Oklahoma, Louisiana, and Texas challenge the NGPA as unconstitutional, alleging, in their complaint as amended and supplemented (hereafter amended complaint) that all provisions thereof which purport to affect intrastate gas (§§ 2, 101-103, 105- *644 109, 121, 122, 201-206, 301-304, 311-315, 504, and 602) exceed the power of Congress to regulate “commerce among the several states,” and abrogate the Tenth Amendment, as well as being a denial of equal protection and due process (count I). Plaintiff States allege that the provisions of the Act which “attempt to coerce plaintiffs” into enactment of legislation, assignment of state employees, and expenditure of state funds for the purpose of implementing federal policy (§§ 304, 312, 501, 503-506) are an invasion of state sovereignty and intergovernmental immunity, a violation of the constitutional guaranty of a republican form of government, a denial of equal protection, due process, and Tenth Amendment guarantees, and in excess of Congress’ commerce clause power (count II). The states of Texas and Oklahoma further allege that federal regulation of natural gas produced from the public lands within those states violates the terms of their admission into the Union (count III) 2 . Count IV of plaintiffs’ amended complaint alleges that all provisions of the Act which authorize the allocation and distribution of intrastate gas into interstate pipelines (§§ 201-206, 301-304, 311-315, 504) exceed Congress’ commerce clause power, and invade state sovereignty and immunity, as provided in the Tenth Amendment, equal protection, and due process clauses. Plaintiffs pray for a declaratory judgment that the named provisions of the Act are unconstitutional.
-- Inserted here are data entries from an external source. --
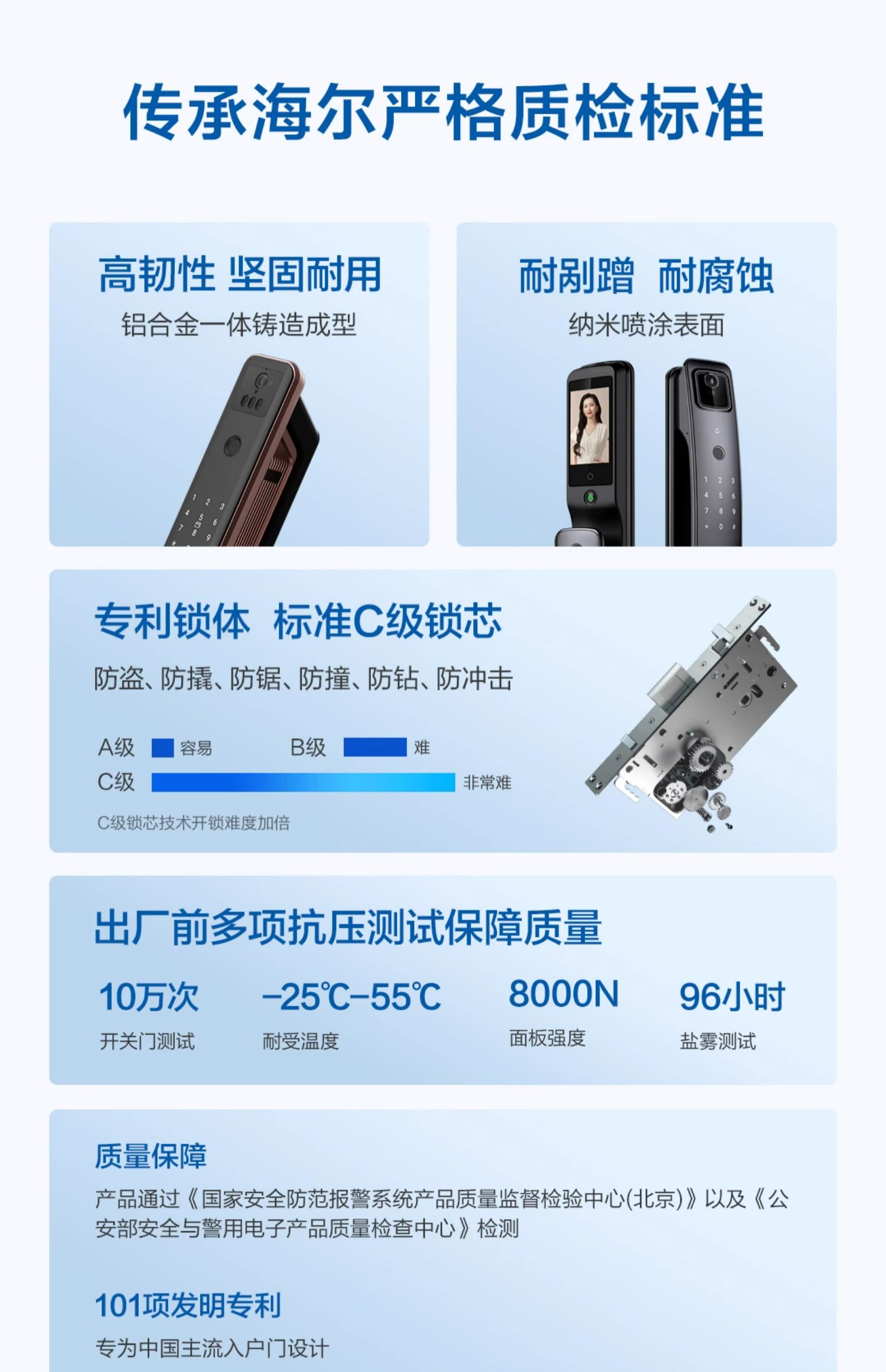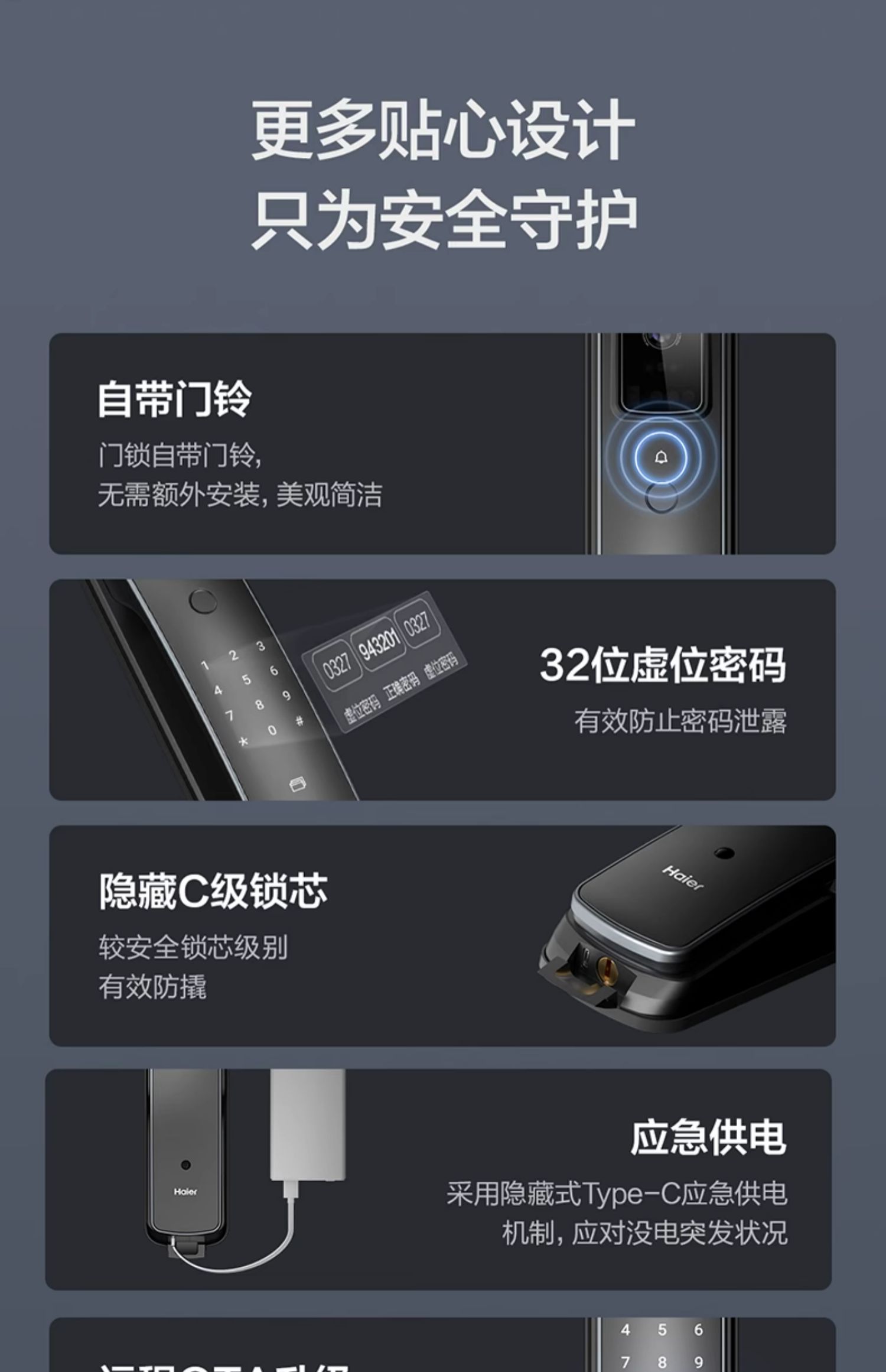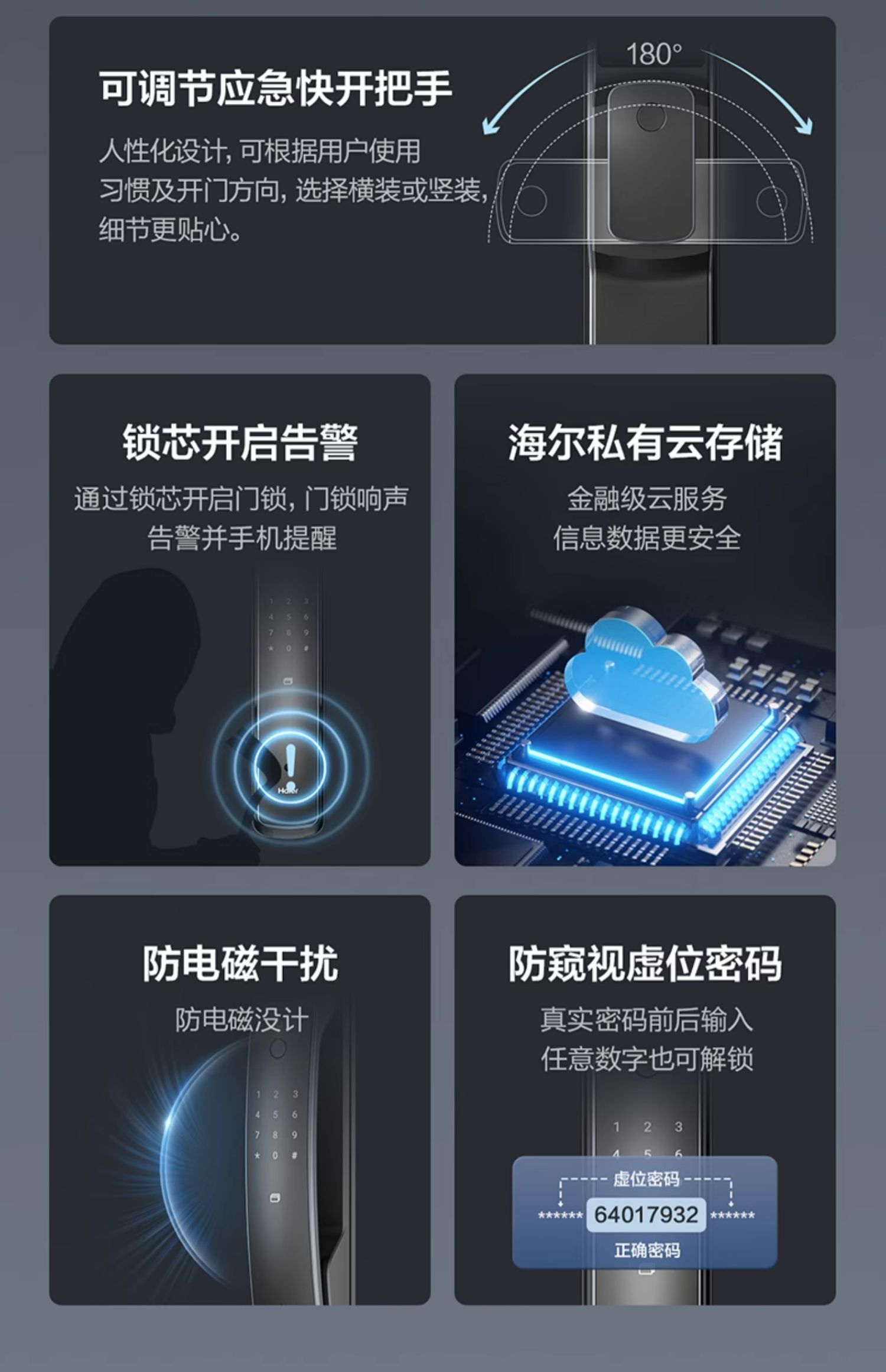 新品-海尔掌静脉人脸智能门锁防盗门智能锁可视猫眼密码锁指纹锁S60Pro
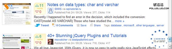 與分頁相反,連續滾動是一種新型的數據顯示方式。這種方式不需要選擇特定的數據類型,新的數據被加到列表裡。在加載的時候顯示進度,如下例所示,在dzone.com裡,進度條顯示有多少項已經被加載。
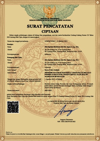 Hasibuan, Mia Septiani and Sapri, Sapri (2023) HAKI Pendidikan Karakter Peduli Lingkungan Melalui Pembelajaran Ilmu Pengetahuan Alam (IPA) Di Madrasah Ibtidaiyah. Universitas Islam Negeri Sumatera Utara.
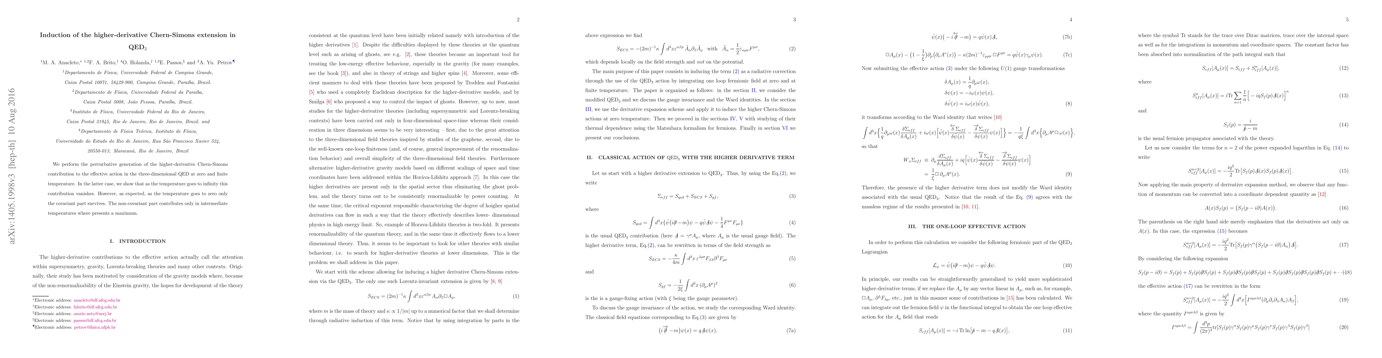 We perform the perturbative generation of the higher-derivative Chern-Simons contribution to the effective action in the three-dimensional QED at zero and finite temperature. In the latter case, we show that as the temperature goes to infinity this contribution vanishes. However, as expected, as the temperature goes to zero only the covariant part survives. The non-covariant part contributes only in intermediate temperatures where presents a maximum.

The complaint in intervention of intervening plaintiff Wyoming raises substantially the same issues. 3 Intervening plaintiff Ralph Harvey, individually and as president of Marlin Oil Corporation, also attacks the regulation of intrastate gas as exceeding Congress’ commerce clause power. Additionally, Harvey asserts that certain subsections of § 102 which provide price ceilings for certain categories of gas lack any rational basis and are violative of due process. Harvey alleges that § 106(b) arbitrarily discriminates against individuals in favor of states and Indian tribes, in violation of equal protection and due process guarantees, and that the bifurcated system of administrative review of price determination provided in § 503, i. e., initial determination in the appropriate state agency with review in the Federal Energy Regulatory Commission and the United States Courts of Appeals, violates state sovereignty and the Tenth Amendment. Harvey prays that the referenced sections be declared unconstitutional.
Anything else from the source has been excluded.